- Exercise objective -
Without changing a word, repeat the data, and include no pictures.

- The data -
━━━━━━━━━━━━━━━━

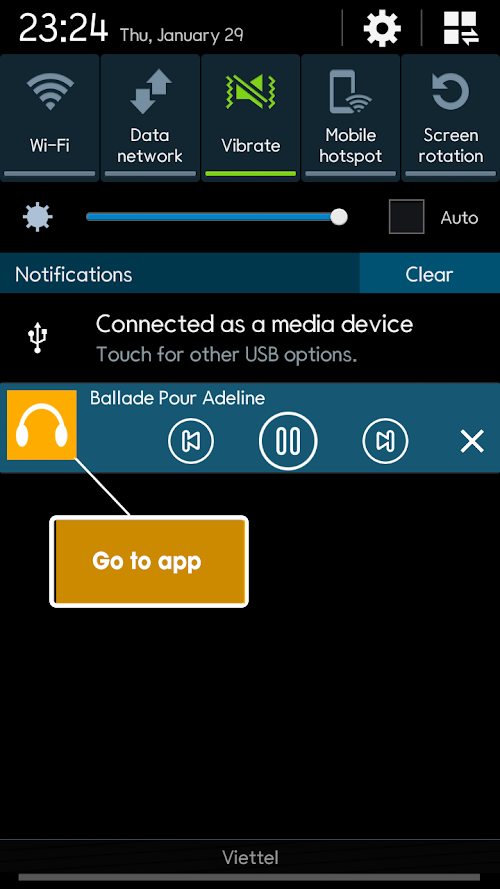 This application is a simple Music Player for Gear Fit. It'll lets you seamlessly control the music stored on your mobile device.
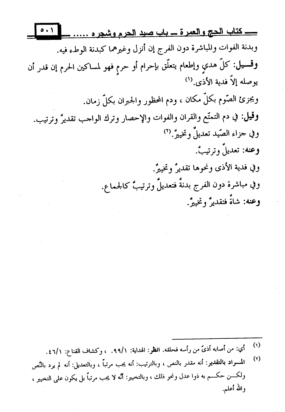 وفي فدية الأذى ونحوها تقدير وتخيير.
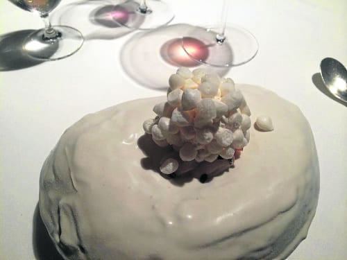 In all we ate 20-odd courses and it proved to be a good choice with the menu varied, original and exciting, starting with the arrival of a bonsai olive tree, off which we were encouraged to pick anchovy-stuffed olives from the nearby Ampurdan.

━━━━━━━━━━━━━━━━

- Task output -
 This application is a simple Music Player for Gear Fit. It'll lets you seamlessly control the music stored on your mobile device.
 وفي فدية الأذى ونحوها تقدير وتخيير.
 In all we ate 20-odd courses and it proved to be a good choice with the menu varied, original and exciting, starting with the arrival of a bonsai olive tree, off which we were encouraged to pick anchovy-stuffed olives from the nearby Ampurdan.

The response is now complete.